Metrics at https://grafana.wikimedia.org/d/000000212/mediawiki-static.

In a nut shell:

We rewrite static file URLs under /w/ to /w/static.php at WMF. This can currently respond in broadly two ways: 1) It serves up the correct file based on the current wiki hostname and permits caching upto 24h, or 2) If it has a verifiable version hash in the query string we try to serve that version (in a way that is resilient to race conditions during deploys, per T47877) which is agnostic of request hostname and allows immutable long-term caching.

And then we have a third category, which is /static/current which is basically the same as serving from /w/ without a version hash, except that the caller is giving us permission to cache it long-term the same as if it had a version hash. This is important for cases where we can't or don't want to propagate changes immediately and instead let the browser use whichever version it has consistently across different pages. For example for footer icons and logos referenced in ParserCache or CDN-cache HTML, rather than have some pages with the new file and some with the old, they all reference the same stable URL and it rolls over whenever it rolls over for a given browser and CDN region.

Oppertunity

  • For WMF, simpler webserver and docker image configuration without /static/current.
  • For WMF, simpler Varnish configuration without needing to vary on the presence of a hash-like query string for traffic via /w/* => /w/static.php. It can all be host-agnostic, instead of only some of it.
  • For MediaWiki, support formatting this third category of URLs without hardcoding WMF-specifics.

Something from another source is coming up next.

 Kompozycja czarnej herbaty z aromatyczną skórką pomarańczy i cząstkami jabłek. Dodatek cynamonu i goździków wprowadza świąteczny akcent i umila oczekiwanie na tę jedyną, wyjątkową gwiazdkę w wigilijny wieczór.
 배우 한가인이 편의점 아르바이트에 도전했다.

Right now we can only use /static/current in wmf-config, thus geatly limiting its use. Which means people either decide to use the first category instead (shortening the cache needlessly) or have to make things configurable that shouldn't have to be configurable and even then are suboptimal by default out of the box and so basically only WMF bothers changing it.

Proposal

Instead of considering unversioned assset URLs under /w as cacheable for only 24h (which we bumped up from 1h not so long ago), bump this all the way to 1 year. Thus making it identical to what /static/current is today. This means we can phase out use of that WMF-specific concept.

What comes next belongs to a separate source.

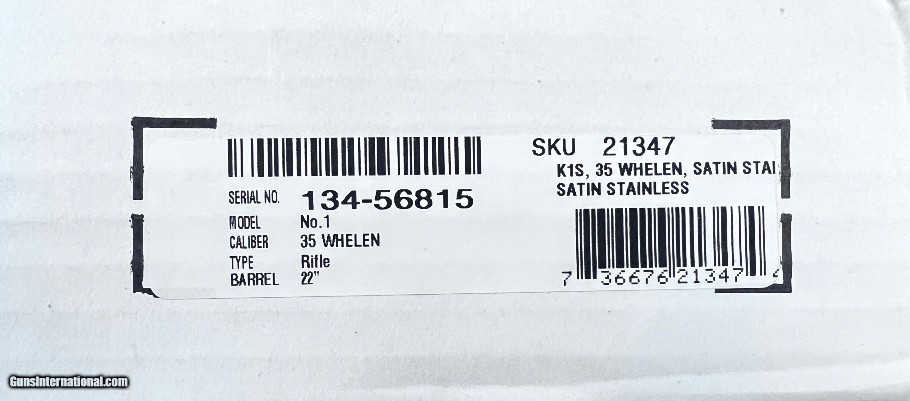 New Ruger No.1 stainless chambered in .35 Whelen 22 inch barrel

For MediaWiki we can then consider that to make a URL stable without version and long-cached, simply reference it directly from /w/. That seems like a fairly natural thing to do and is what some codepaths may already do today, except they'd no longer have the consequence of a shortened cache at WMF.

This category of unversioned /w URLs is also sometimes used by gadgets and site scripts where figuring out the file hash is difficult or impossible, and thus these also get unfortunately short caching currently. This would be improved as a result.

So why didn't we do this 5 years ago when we created this after T99096? Well, I think it's just that at the time we didn't have the confidence that we could transition all file references where we want change propagation to be formatted with a version hash based on access to the file system.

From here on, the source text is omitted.